For this exercise, please return exactly the line containing "RICCO Nude/Χρυσά Δερμάτινα" and each line after it through the end of the records, with no pictures included.
### Raw data
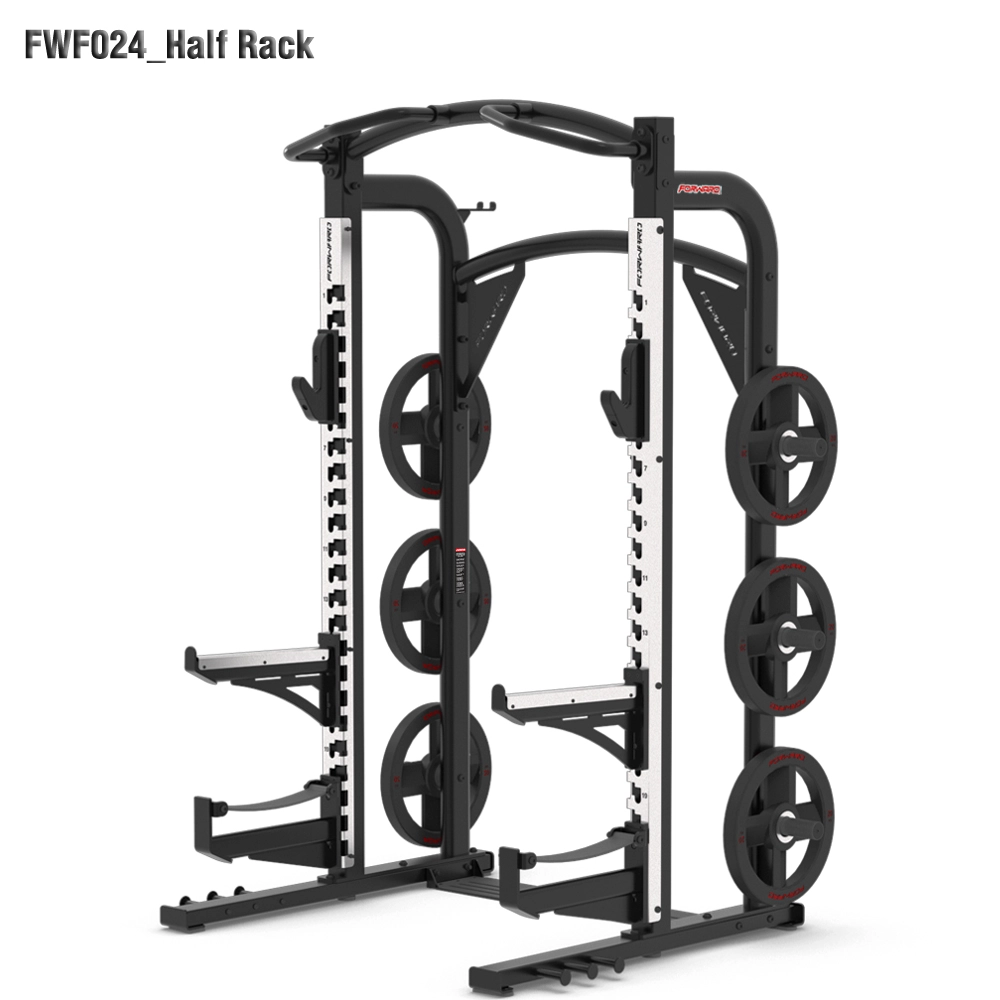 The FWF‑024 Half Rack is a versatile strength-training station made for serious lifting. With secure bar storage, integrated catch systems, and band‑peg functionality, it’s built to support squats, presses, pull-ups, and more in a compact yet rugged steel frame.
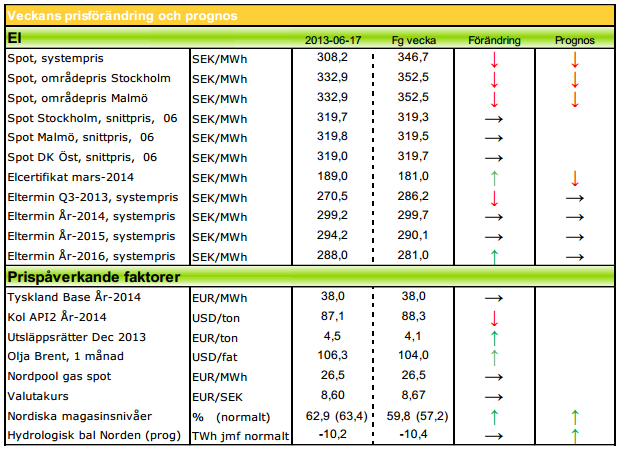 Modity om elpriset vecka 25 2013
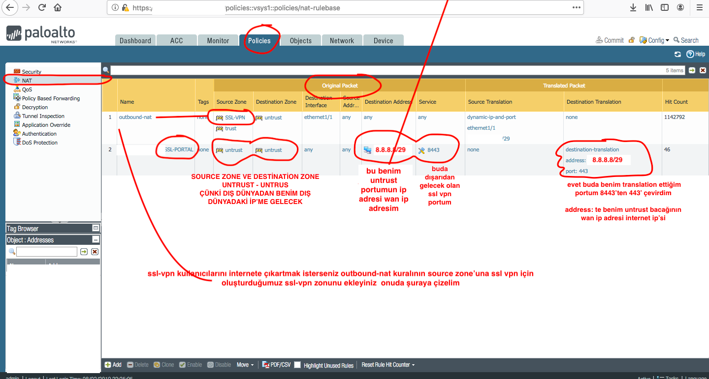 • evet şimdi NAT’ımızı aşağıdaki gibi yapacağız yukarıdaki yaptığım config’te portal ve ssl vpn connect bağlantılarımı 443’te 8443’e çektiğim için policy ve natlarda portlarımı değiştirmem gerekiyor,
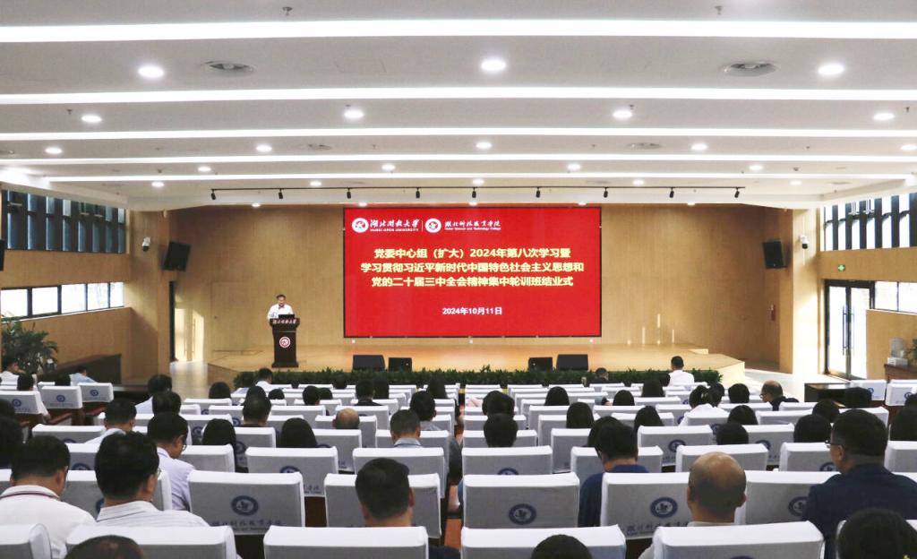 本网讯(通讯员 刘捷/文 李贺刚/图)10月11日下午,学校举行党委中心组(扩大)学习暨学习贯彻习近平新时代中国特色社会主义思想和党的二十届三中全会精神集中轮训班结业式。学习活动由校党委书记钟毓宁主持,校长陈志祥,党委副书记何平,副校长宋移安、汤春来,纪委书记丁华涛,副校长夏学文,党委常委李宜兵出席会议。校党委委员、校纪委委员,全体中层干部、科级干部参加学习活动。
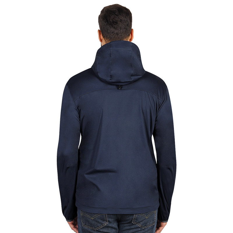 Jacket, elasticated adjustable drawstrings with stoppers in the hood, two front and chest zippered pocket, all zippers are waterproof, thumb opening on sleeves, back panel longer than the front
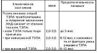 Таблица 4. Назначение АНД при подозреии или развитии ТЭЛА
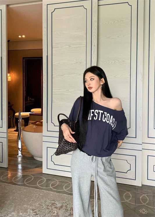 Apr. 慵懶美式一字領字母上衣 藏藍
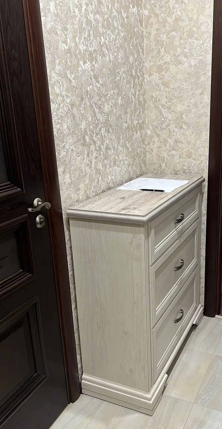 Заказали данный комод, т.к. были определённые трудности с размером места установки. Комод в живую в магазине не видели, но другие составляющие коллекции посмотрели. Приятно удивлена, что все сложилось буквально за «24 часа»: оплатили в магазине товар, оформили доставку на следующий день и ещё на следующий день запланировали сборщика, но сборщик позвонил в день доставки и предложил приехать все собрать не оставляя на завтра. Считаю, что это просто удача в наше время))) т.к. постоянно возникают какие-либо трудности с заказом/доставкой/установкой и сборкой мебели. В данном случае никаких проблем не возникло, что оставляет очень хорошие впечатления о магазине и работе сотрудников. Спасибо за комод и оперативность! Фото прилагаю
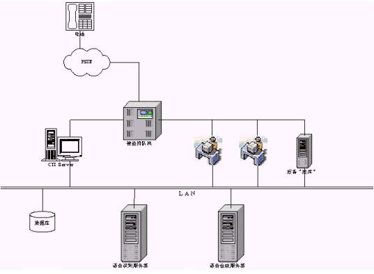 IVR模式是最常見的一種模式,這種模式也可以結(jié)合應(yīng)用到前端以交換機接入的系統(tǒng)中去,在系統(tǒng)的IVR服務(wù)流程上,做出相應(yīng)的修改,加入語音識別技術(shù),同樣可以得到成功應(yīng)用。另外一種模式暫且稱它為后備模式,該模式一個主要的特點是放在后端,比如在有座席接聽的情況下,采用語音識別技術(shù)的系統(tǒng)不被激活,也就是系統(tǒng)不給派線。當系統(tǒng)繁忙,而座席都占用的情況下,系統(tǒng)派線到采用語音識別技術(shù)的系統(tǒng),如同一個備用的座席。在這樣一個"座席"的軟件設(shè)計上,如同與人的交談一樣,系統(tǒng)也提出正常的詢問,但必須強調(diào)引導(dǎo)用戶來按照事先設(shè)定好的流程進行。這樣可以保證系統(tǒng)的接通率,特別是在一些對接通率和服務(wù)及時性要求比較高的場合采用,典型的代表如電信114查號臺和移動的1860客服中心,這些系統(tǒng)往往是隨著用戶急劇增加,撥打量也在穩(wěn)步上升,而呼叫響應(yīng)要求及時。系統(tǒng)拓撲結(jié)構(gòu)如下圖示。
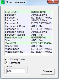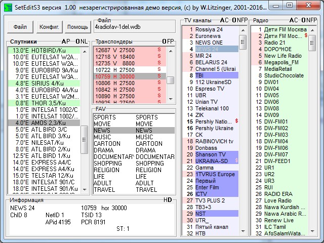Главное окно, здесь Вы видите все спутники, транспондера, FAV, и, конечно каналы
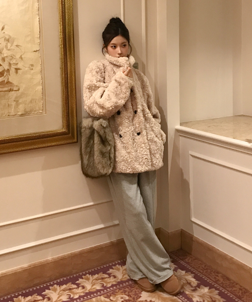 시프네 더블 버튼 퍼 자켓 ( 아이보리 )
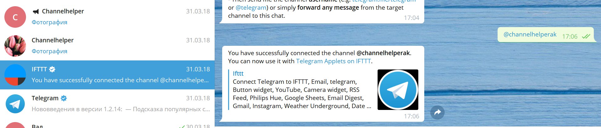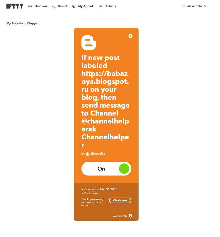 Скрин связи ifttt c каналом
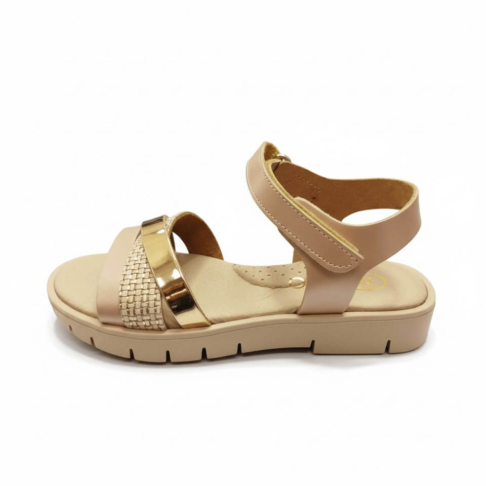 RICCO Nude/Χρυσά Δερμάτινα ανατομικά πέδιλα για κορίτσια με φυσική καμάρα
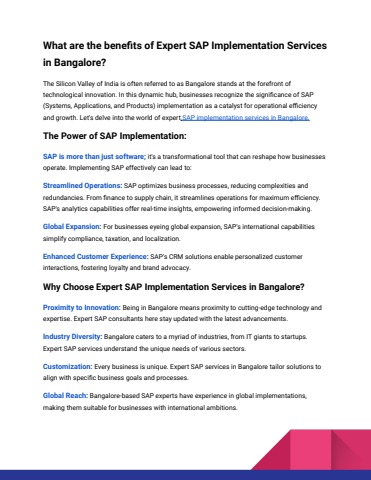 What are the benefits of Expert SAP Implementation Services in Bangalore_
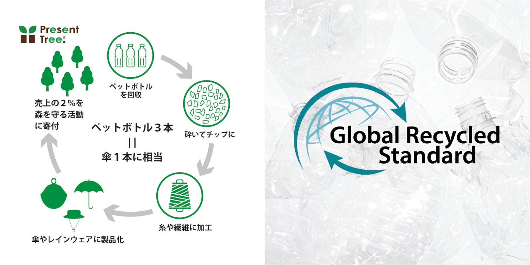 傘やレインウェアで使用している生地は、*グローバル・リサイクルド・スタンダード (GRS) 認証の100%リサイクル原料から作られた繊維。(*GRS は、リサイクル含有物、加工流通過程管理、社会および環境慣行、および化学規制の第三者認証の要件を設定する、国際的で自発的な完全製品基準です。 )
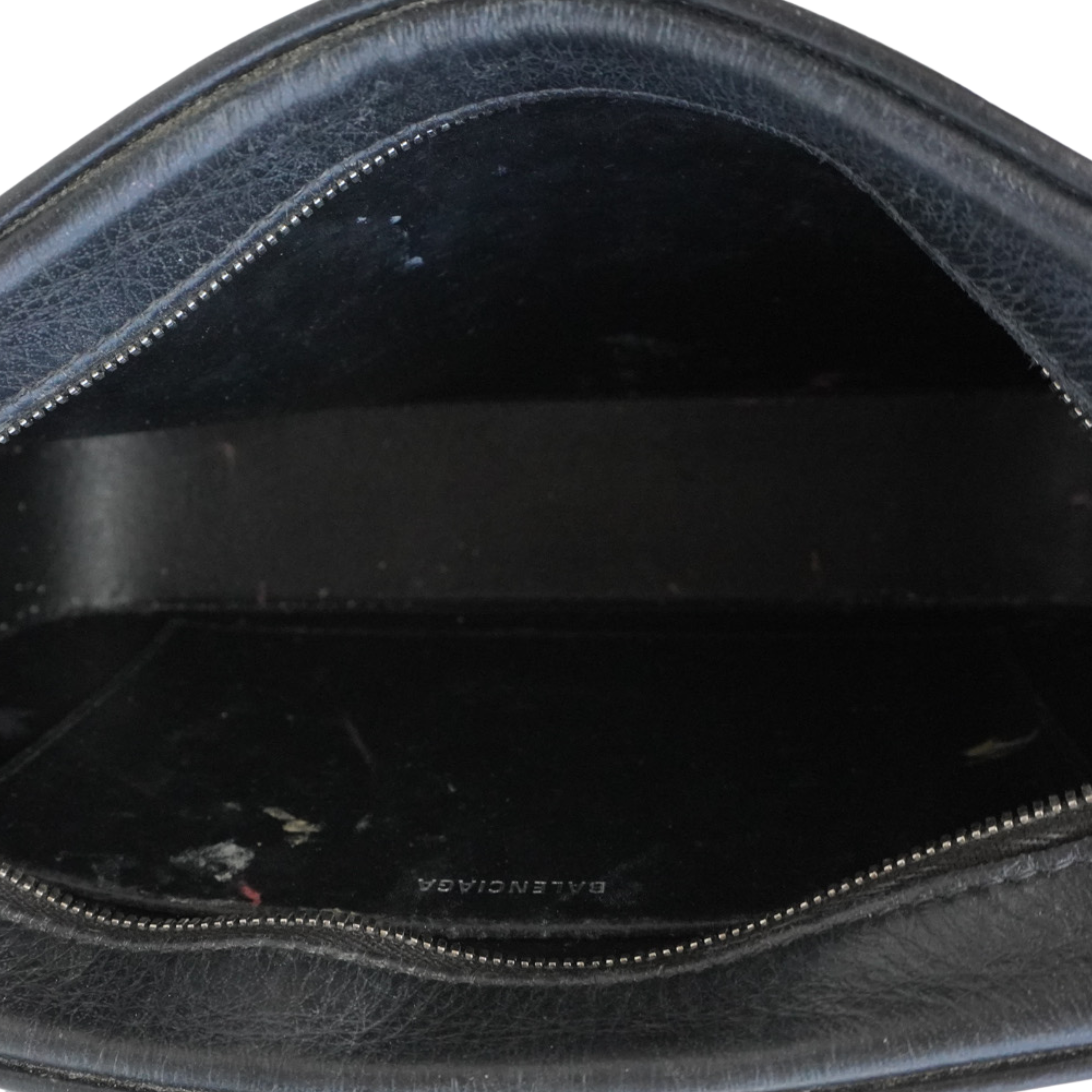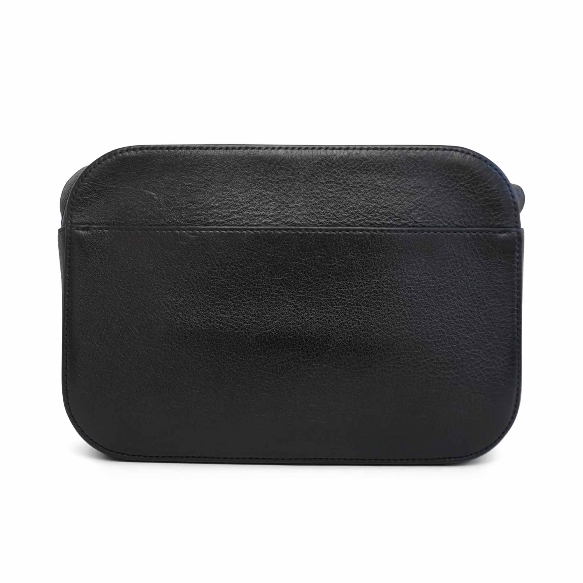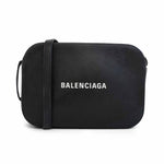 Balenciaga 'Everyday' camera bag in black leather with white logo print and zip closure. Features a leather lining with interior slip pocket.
######
_Answer:_
 RICCO Nude/Χρυσά Δερμάτινα ανατομικά πέδιλα για κορίτσια με φυσική καμάρα
 What are the benefits of Expert SAP Implementation Services in Bangalore_
 傘やレインウェアで使用している生地は、*グローバル・リサイクルド・スタンダード (GRS) 認証の100%リサイクル原料から作られた繊維。(*GRS は、リサイクル含有物、加工流通過程管理、社会および環境慣行、および化学規制の第三者認証の要件を設定する、国際的で自発的な完全製品基準です。 )
 Balenciaga 'Everyday' camera bag in black leather with white logo print and zip closure. Features a leather lining with interior slip pocket.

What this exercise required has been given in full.